> **EXERCISE DIRECTIONS**: Pick out and copy every line below that has the word "Israel".

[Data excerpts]
- Opening Delimiter -
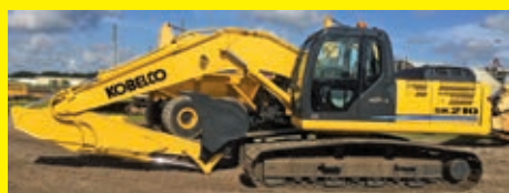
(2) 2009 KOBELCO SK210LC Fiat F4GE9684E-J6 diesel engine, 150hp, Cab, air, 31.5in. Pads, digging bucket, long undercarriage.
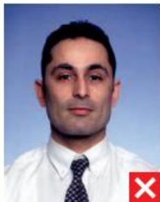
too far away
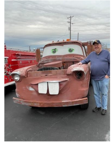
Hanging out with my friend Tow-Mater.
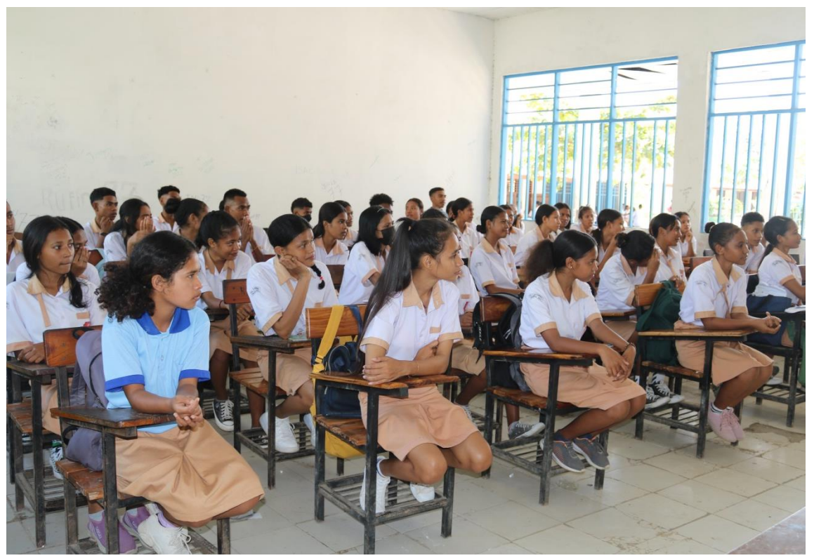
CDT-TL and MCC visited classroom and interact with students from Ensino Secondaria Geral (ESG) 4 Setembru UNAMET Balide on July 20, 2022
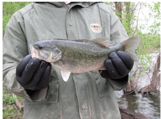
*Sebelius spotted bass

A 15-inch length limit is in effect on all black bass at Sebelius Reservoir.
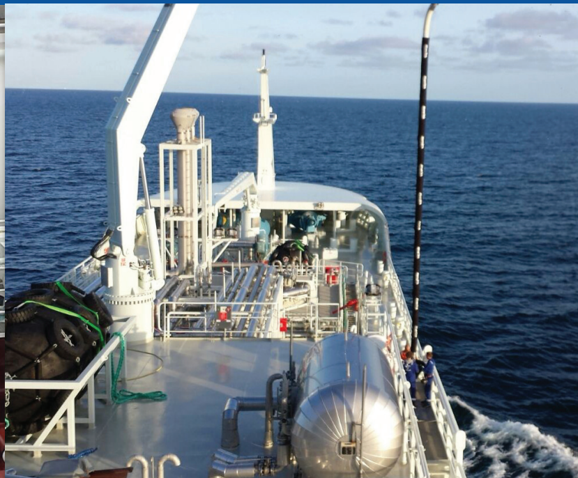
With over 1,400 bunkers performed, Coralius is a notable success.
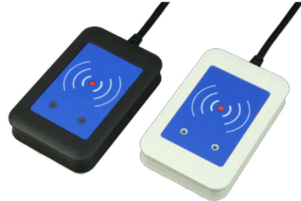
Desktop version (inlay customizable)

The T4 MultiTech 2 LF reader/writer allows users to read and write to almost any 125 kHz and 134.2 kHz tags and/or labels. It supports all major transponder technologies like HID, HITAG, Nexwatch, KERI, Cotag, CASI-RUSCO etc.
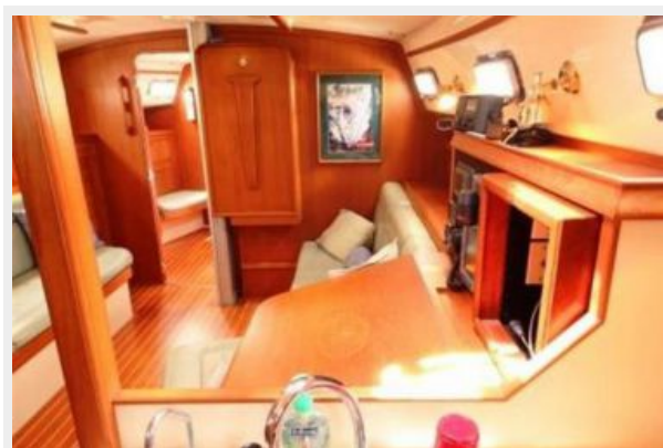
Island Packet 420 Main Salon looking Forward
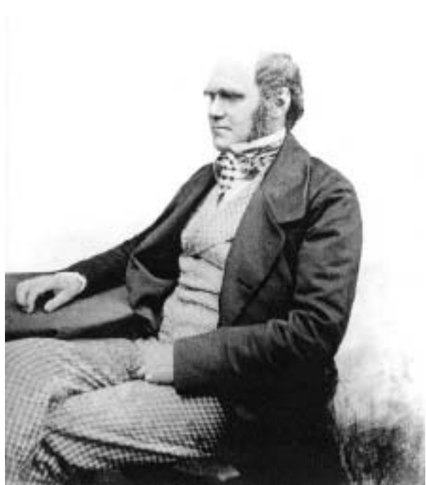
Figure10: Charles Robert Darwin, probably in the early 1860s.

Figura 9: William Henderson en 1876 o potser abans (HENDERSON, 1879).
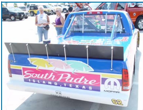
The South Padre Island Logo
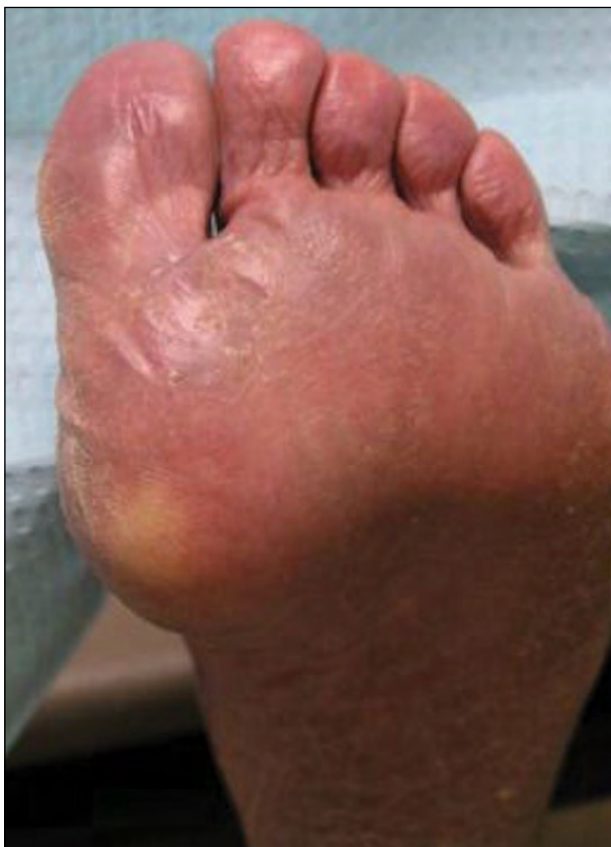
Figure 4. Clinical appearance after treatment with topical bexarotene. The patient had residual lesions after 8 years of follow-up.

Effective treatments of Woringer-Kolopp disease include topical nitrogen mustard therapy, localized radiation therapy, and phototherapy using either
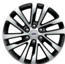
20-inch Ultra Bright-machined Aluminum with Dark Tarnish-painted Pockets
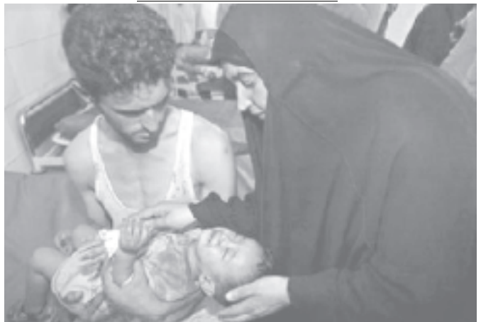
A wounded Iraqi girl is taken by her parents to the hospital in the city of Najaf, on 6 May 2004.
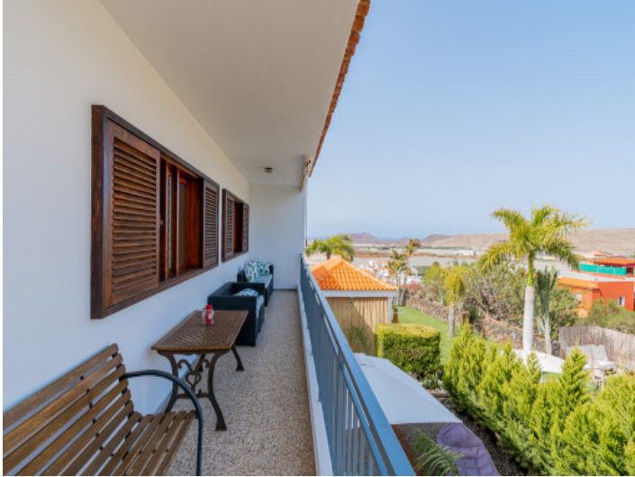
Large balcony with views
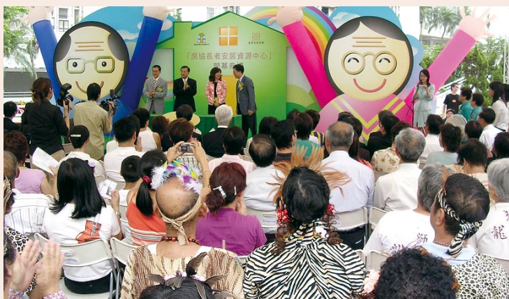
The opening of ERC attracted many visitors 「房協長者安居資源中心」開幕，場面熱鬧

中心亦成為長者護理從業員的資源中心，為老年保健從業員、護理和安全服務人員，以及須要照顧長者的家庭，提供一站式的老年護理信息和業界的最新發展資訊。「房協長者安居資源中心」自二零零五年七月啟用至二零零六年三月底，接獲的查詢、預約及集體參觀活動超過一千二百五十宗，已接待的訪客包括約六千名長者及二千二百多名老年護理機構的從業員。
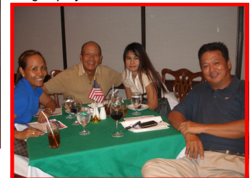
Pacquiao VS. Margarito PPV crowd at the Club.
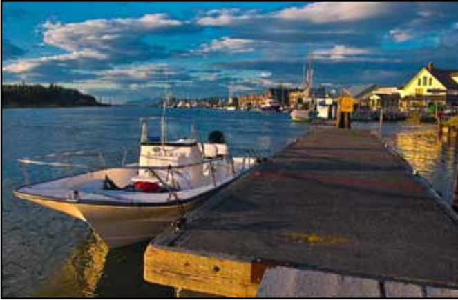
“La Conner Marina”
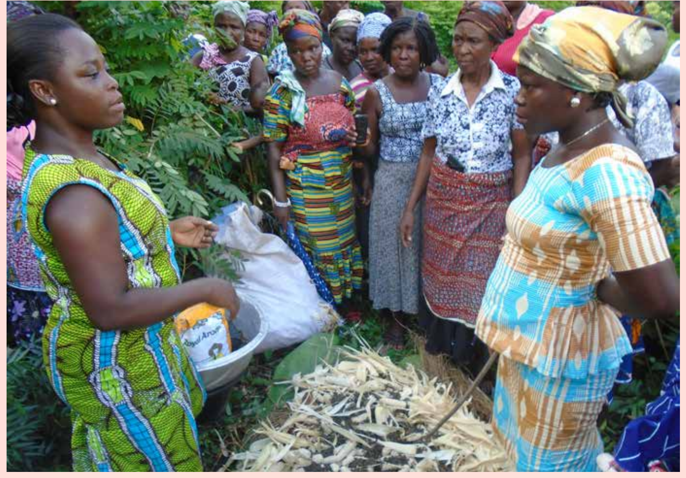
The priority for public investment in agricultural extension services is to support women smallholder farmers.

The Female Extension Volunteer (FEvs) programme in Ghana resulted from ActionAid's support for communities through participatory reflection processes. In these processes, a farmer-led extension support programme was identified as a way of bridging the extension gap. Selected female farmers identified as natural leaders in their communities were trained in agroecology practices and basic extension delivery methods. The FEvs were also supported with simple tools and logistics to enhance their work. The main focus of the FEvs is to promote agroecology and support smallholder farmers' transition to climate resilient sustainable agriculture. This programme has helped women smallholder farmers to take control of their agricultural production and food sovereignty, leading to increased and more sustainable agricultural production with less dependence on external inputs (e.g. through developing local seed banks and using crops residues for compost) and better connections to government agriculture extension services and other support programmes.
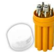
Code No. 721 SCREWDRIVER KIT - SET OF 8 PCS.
- Closing Delimiter -
- Opening Delimiter -
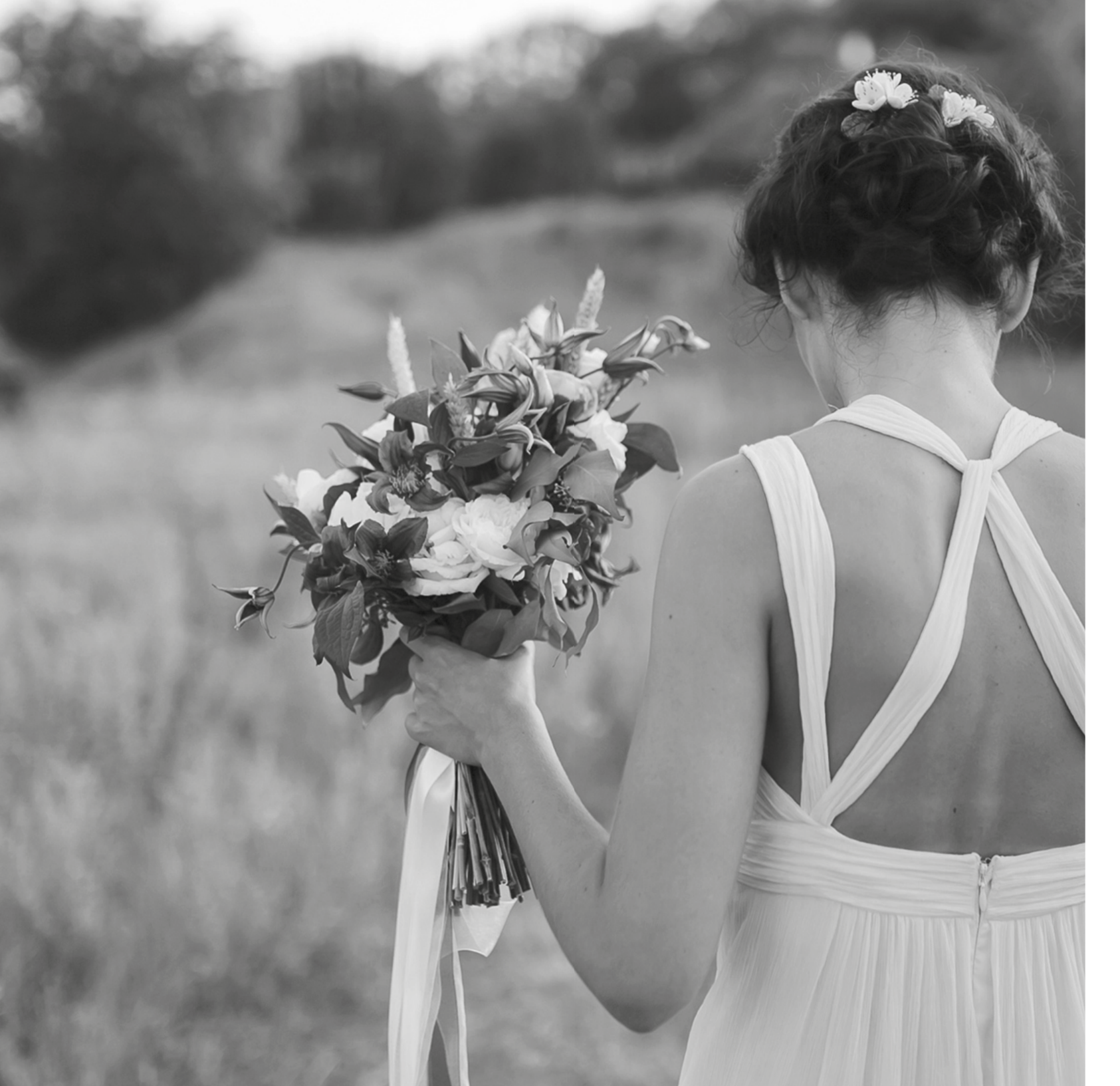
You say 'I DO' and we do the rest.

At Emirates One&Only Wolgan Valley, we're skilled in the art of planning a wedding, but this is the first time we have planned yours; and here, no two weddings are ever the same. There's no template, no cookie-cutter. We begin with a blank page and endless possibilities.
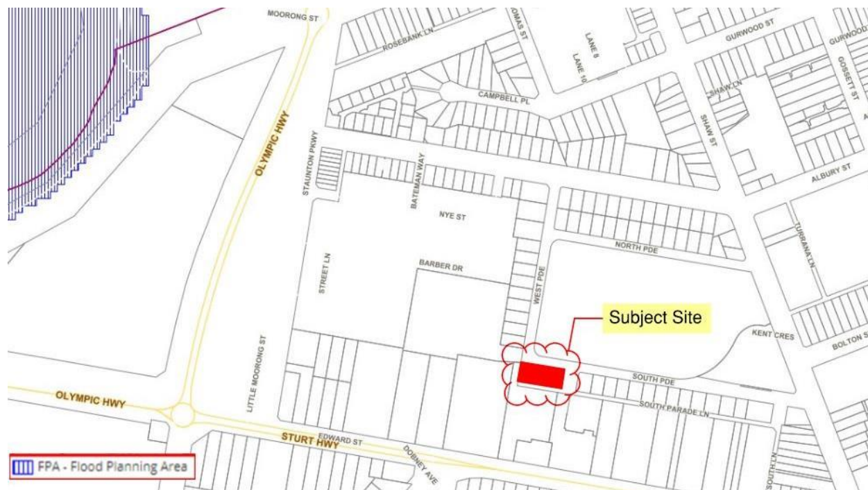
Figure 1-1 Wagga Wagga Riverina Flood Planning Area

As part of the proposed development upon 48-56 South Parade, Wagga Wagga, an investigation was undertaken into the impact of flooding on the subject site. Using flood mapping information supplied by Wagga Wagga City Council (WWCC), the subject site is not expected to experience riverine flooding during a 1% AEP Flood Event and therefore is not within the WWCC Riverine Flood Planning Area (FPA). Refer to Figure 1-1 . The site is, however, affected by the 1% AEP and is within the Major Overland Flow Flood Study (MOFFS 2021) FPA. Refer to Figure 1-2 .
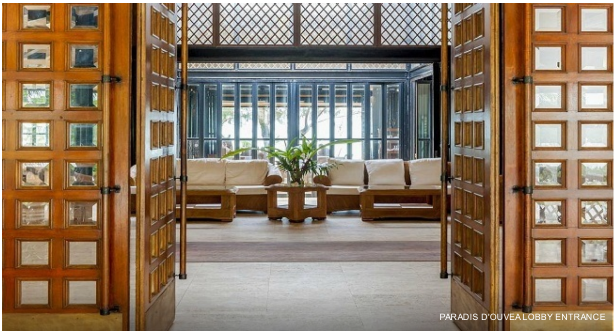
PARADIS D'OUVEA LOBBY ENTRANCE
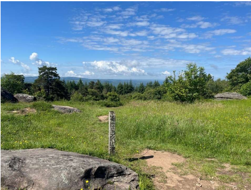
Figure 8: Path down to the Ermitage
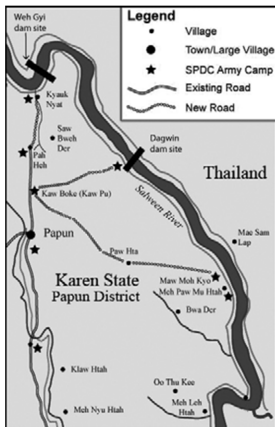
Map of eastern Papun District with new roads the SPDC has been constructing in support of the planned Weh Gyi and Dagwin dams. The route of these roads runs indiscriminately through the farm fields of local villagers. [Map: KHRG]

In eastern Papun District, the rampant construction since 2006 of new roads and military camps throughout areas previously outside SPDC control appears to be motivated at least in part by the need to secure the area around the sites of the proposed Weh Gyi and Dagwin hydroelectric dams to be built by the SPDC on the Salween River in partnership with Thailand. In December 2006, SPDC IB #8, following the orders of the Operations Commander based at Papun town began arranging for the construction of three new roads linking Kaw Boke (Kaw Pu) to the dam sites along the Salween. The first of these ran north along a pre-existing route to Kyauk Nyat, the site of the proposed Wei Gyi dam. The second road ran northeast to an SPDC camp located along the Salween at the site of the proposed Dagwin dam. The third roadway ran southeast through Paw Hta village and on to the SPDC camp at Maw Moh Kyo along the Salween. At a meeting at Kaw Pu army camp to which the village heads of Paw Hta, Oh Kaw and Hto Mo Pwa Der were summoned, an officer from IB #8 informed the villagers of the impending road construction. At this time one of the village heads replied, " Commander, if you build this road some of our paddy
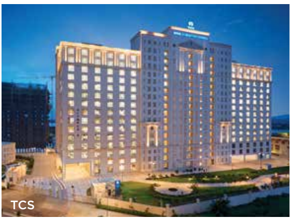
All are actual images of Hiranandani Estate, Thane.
- Closing Delimiter -
- Opening Delimiter -
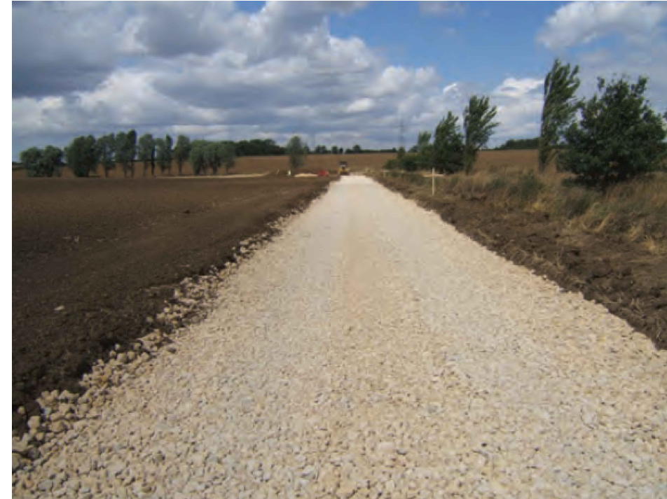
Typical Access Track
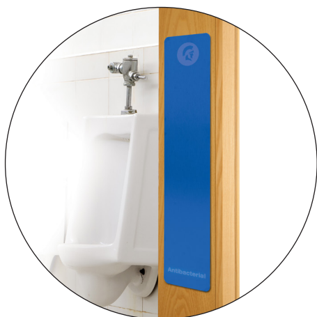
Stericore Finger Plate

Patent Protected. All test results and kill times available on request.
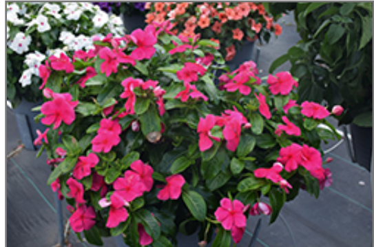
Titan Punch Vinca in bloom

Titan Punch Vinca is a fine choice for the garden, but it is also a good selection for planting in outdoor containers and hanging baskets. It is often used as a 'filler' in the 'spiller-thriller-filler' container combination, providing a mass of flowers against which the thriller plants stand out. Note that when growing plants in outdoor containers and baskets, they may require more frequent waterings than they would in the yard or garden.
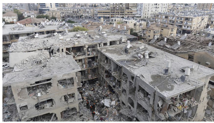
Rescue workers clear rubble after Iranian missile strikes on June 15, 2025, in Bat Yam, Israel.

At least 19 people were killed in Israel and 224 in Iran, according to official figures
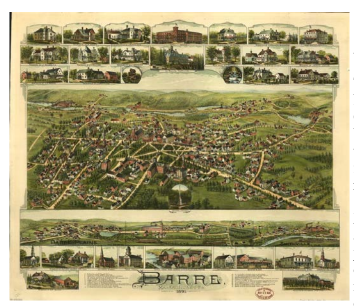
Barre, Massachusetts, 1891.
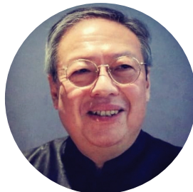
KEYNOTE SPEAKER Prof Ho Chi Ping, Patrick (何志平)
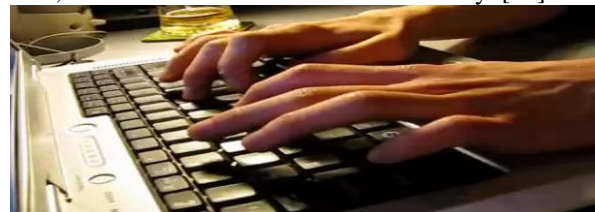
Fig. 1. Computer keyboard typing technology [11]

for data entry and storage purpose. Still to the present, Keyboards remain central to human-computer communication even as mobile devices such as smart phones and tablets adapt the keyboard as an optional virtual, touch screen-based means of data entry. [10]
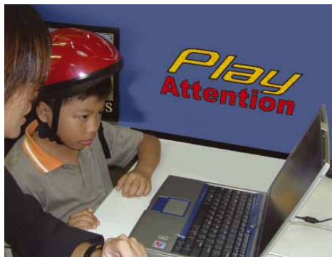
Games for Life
- Closing Delimiter -
> **RESPONSE**:
Rescue workers clear rubble after Iranian missile strikes on June 15, 2025, in Bat Yam, Israel.
At least 19 people were killed in Israel and 224 in Iran, according to official figures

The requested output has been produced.